Au siège de la coordination de la Basse Côte, les sages ont exprimé leur satisfaction suite à la visite du ministre Khalifa Gassama Diaby. "Nous sommes venus prendre des conseils et solliciter des prières. Notre pays a atteint le seuil de l'incivisme, ce qui est une menace contre la paix.  Nous sommes là dans l'espoir d'avoir le soutien des citoyens de la Basse Côte", dira-t-il dans son intervention.

En réponse, le président de la coordination de la Basse Côte, Elhadj Mouctar Sylla,  a exprimé sa satisfaction du fait que le ministre se bat  pour "l'unité du peuple de Guinée". Il a promis l'implication de tous les sages de cette région pour la réussite de l'initiative du ministre Gassama.  "Les sages  se réuniront pour mettre fin à l'incivisme et œuvrer pour le respect de l'autorité de l'Etat", a-t-il promis.

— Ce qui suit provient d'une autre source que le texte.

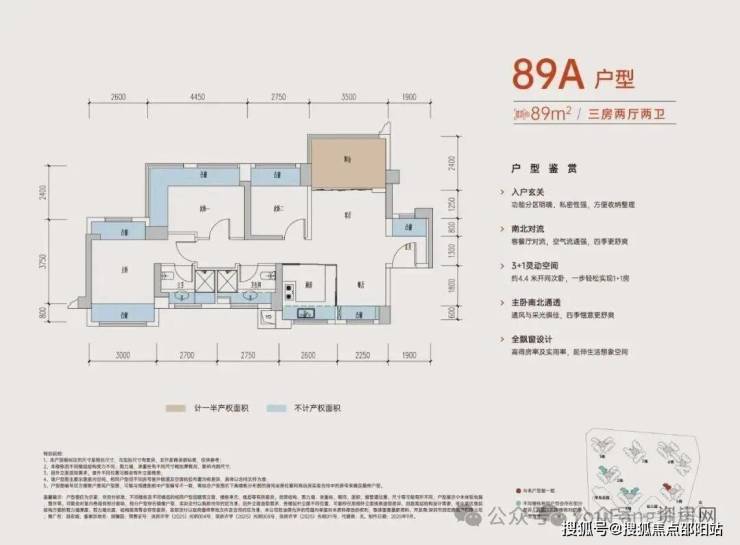 入户处比较宽敞,可以做鞋柜收纳,客餐厅南北对流,全飘窗设计,高得房率及使用率,主卧南北通透,通风和采光不错,套房设计,其中一个次卧可以改成1+1房。

De son côté, le président de la Coordination de la Haute Guinée a abordé dans le même sens. "Je suis venu demander bénédiction, conseils et accompagnement", a souligné le ministre qui, dans son speech a rappelé à l'assistance que "la loi doit être respectée par tout le monde. La loi n'a pas d'yeux car si tu mets d'yeux elle ne devient plus une loi".

Pour saluer cette initiative du ministre, le sage de la Haute Guinée dira que "la société guinéenne est désordonnée: chacun fait ce qu'il veut, où il veut et n'a de compte à rendre à personne. Les sages vont faire entendre leur voix vue l'écoute dont ils bénéficient au sein de la société guinéenne. Si nous ne mettons pas à cette dynamique de désordre public, il n'y aura pas de paix".

Enfin, explique-t-il, "si nous soyons tous des Guinéens sans distinction, la Guinée va aller de l'avant".

Par ailleurs, le président de la coordination Halli Pular a apporté tout son soutien et son accompagnement  à cette initiative citoyenne du ministre Gassama Diaby. "Gassama c'est mon fils à travers sa conception des choses. Il est venu ici je me suis senti en lui. J'ai vu en lui un homme, un responsable qui aime son pays, qui est jaloux de l'organisation de son pays", déclare Elhadj Saïkou Yaya Barry.

Cependant, déplore-t-il, son département manque de financement  pour ses objectifs. "La SENACIP signifie la paix, l'amour du prochain. Cette importante initiative qu'il a eue doit rassembler tous les Guinéens. Quand on est bon citoyen on fait faire  du bien, on ne blesse pas son voisin, on ne perturbe pas non plus son sommeil. On doit faire ce que dit la Constitution. Nous allons l'accompagner par des bénédictions".

Si le Chef de l'Etat et le gouvernement respectent la loi, il n'y a pas de raison que les citoyens ne la respectent pas, insinue la notabilité Halli Pular. Avant d'ajouter que le développement ne se fera pas dans l'anarchie et dans le désordre.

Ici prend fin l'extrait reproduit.